Following several days of continuous connectivity problems, North Korea's internet has gone dark, according to one researcher. Whether it's a cyber attack or a routine outage remains unclear. However, it looks a lot like a DDoS attack.
News of the outage arrives just two days after the United States asked China to help in cripple North Korea's ability to mount cyber attacks, after the FBI blamed Kim Jong-Un's regime for hacking into Sony Pictures. This does not necessarily mean that North Korea itself has become victim to a cyber attack. The country experiences outages all the time, in part due to poor infrastructure. However, some experts think this string of instability is different.
''The situation now is they are totally offline," Doug Madory of Dyn Research told Bloomberg. "I don't know that someone is launching a cyber-attack against North Korea, but this isn't normal for them." Earlier, Madory had told North Korea Tech, "I haven't seen such a steady beat of routing instability and outages in KP before. Usually there are isolated blips, not continuous connectivity problems. I wouldn't be surprised if they are absorbing some sort of attack presently."
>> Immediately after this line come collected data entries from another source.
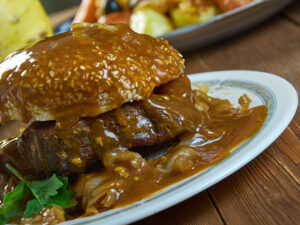 Bøfsandwich is a fascinating Danish sandwich consisting of a thick beef patty served on a bun or a bread roll. While this concept sounds like an American hamburger, what makes it different is that the Danish sandwich is coated in a lot of brown gravy.
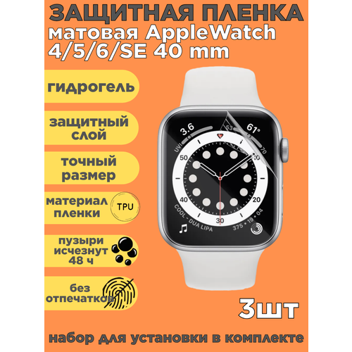 Комплект 3 шт. Защитная пленка на Apple Watch 4, 5, 6, SE 40 mm, матовая
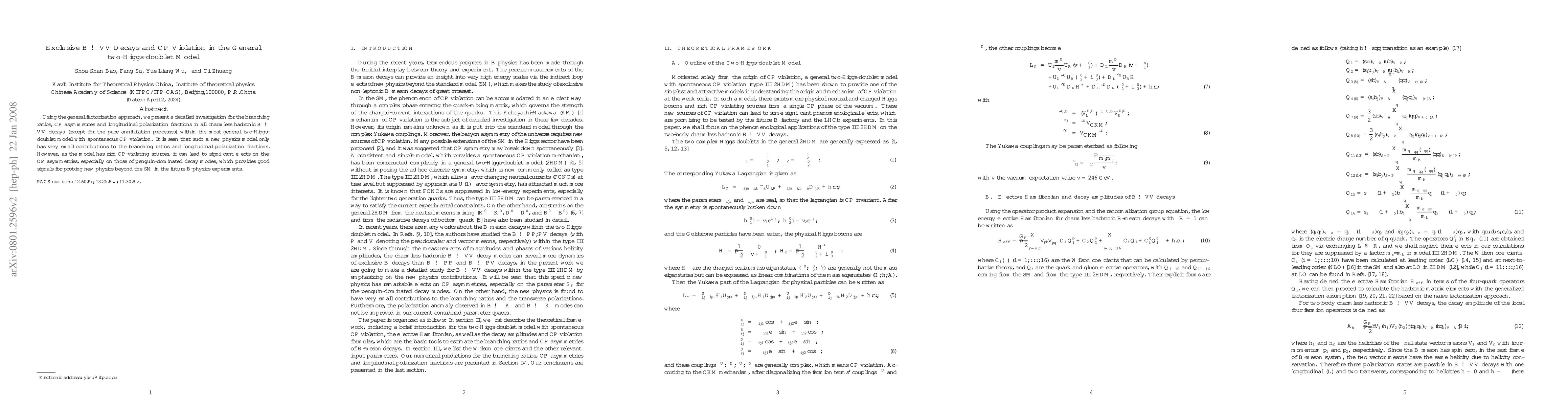 This paper investigates $B \to VV$ decays in the general two-Higgs-doublet model, finding minimal contributions to branching ratios and polarizations but significant CP-violating effects, particularly in penguin-dominated modes, offering promising signals for new physics beyond the Standard Model.
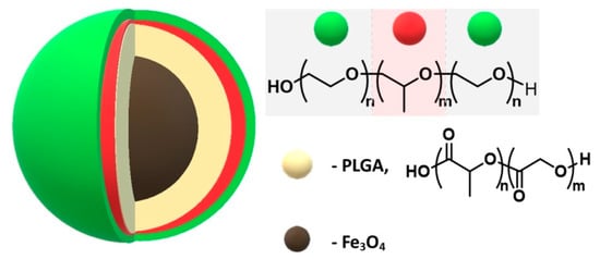 PLGA-coated magnetite nanoparticles have many advantages in drug delivery, especially in drugs protection against degradation. Moreover, they can also improve the pharmacokinetic and pharmacodynamic profiles of transported drugs. Another important advantage of PLGA over other polymers is that this macromolecule is approved by the FDA (U.S. Food and Drug Administration) and EMA (European Medicines Agency) in various drug delivery systems, which means that PLGA-coated nanoparticles can be used in clinical trials in a shorter period of time [139,140]. One of the most interesting applications of MNPs in biomedicine is their design to have additional fluorescent or luminescent properties. Such structures can be obtained by chemical or physical modification of the polymer shell surrounding the magnetite core [141,142]. This multimodal approach ensures the specific recognition and attachment of MNPs to the target cell, drug delivery, and the possibility of in vitro and in vivo bioimaging using optical methods, tomography, or magnetic resonance.
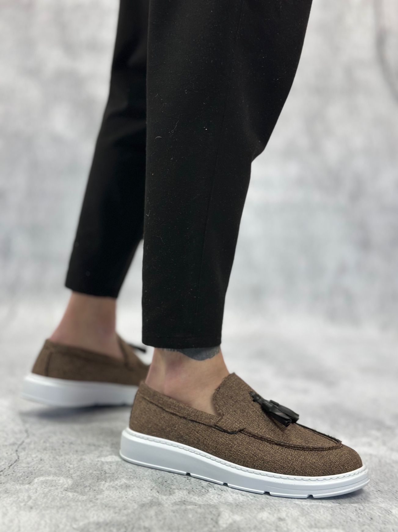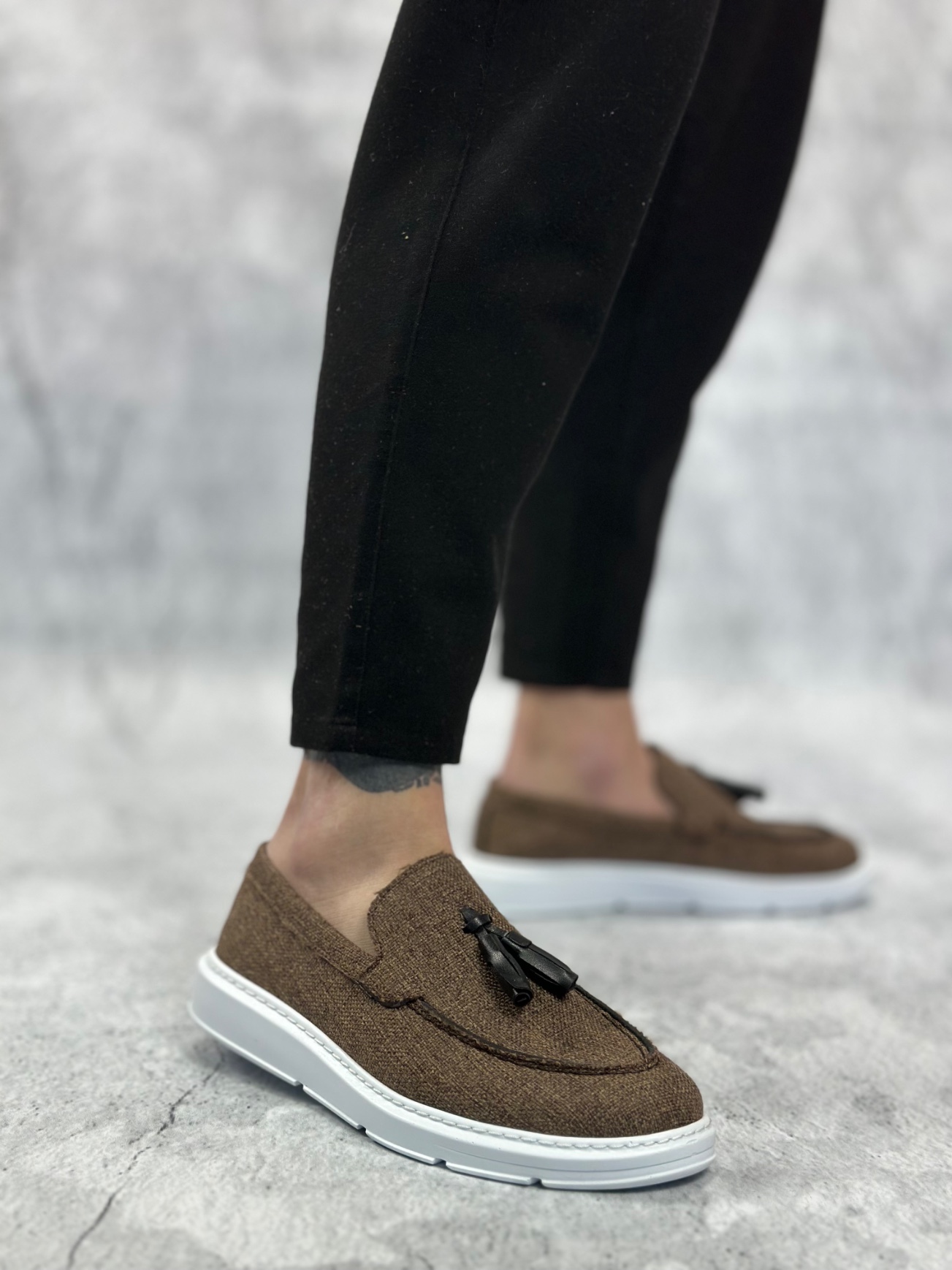 Tugerdi Kahverengi Keten Bağcıksız Hafif Yüksek Taban Klasik Püsküllü Erkek Ayakkabı TGE230155
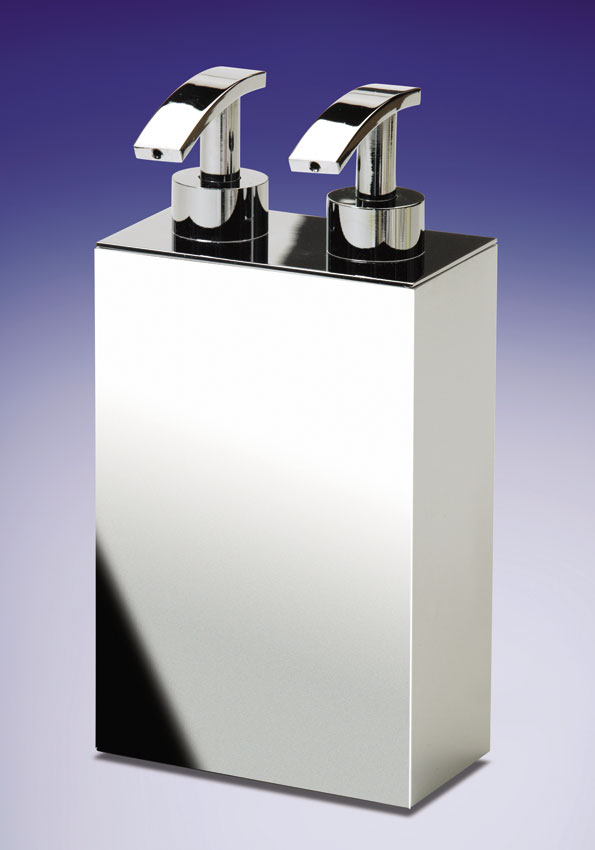 Rectangular soap dispenser with two pumps is available in a box design made of solid brass with a chrome, satin black or satin nickel finish.
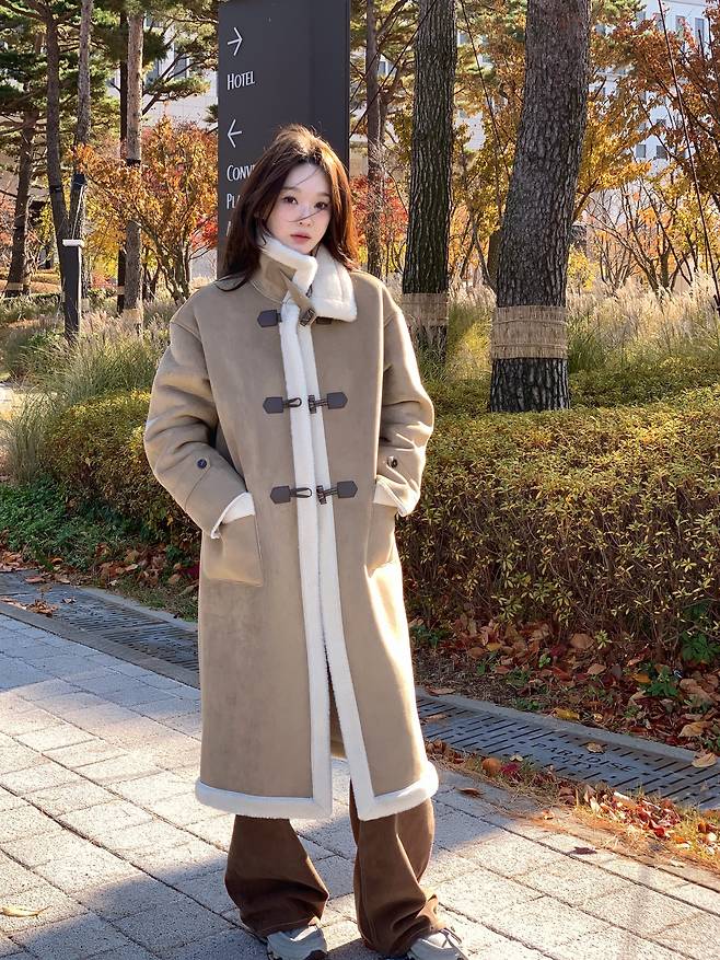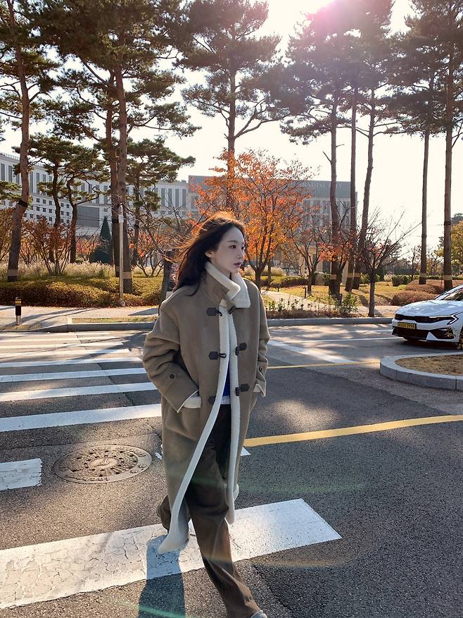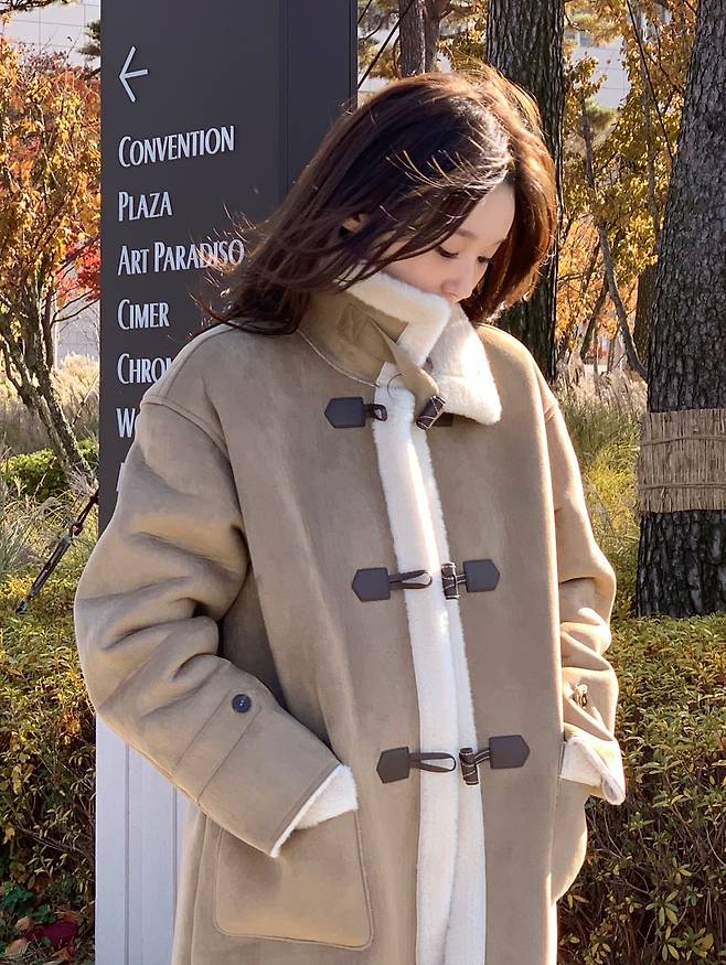 목선까지 감싸주는 하이넥 디자인과 토글 버튼 디테일은 그녀의 지적인 매력을 배가시키며 클래식한 겨울 패션의 정석을 보여주고 있죠.

One can't help but wonder if China or the U.S. might be involved. China, for one, recently announced an investigation into North Korea's role in the Sony Pictures hack despite being a potential partner. North Korea, for its part, denies any role at all, though the country's posture became markedly more aggressive in the past couple of days. After proposing the U.S. help in a joint inquiry to prove it had nothing to do with the attacks, North Korea threatened to strike the White House and "the whole U.S. mainland, that cesspool of terrorism."
North Korea obviously isn't happy about being fingered as the villain in the attack on Sony Pictures. (A lot of smart people still don't think North Korea had anything to do with the hack.) Now, the country can be unhappy with its lack of internet access. [NYT, Bloomberg, North Korea Tech]
North Korea does very little commercial or government business over the Internet. The country officially has 1,024 Internet protocol addresses, though the actual number may be somewhat higher. By comparison, the United States has billions of addresses.
North Korea's addresses are managed by Star Joint Venture, the state-run Internet provider, which routes many of those connections through China Unicom, China's state-owned telecommunications company.
By Monday morning, those addresses had gone dark for over an hour.
As a researcher from CloudFlare told the Times: North Korea's network is "toast."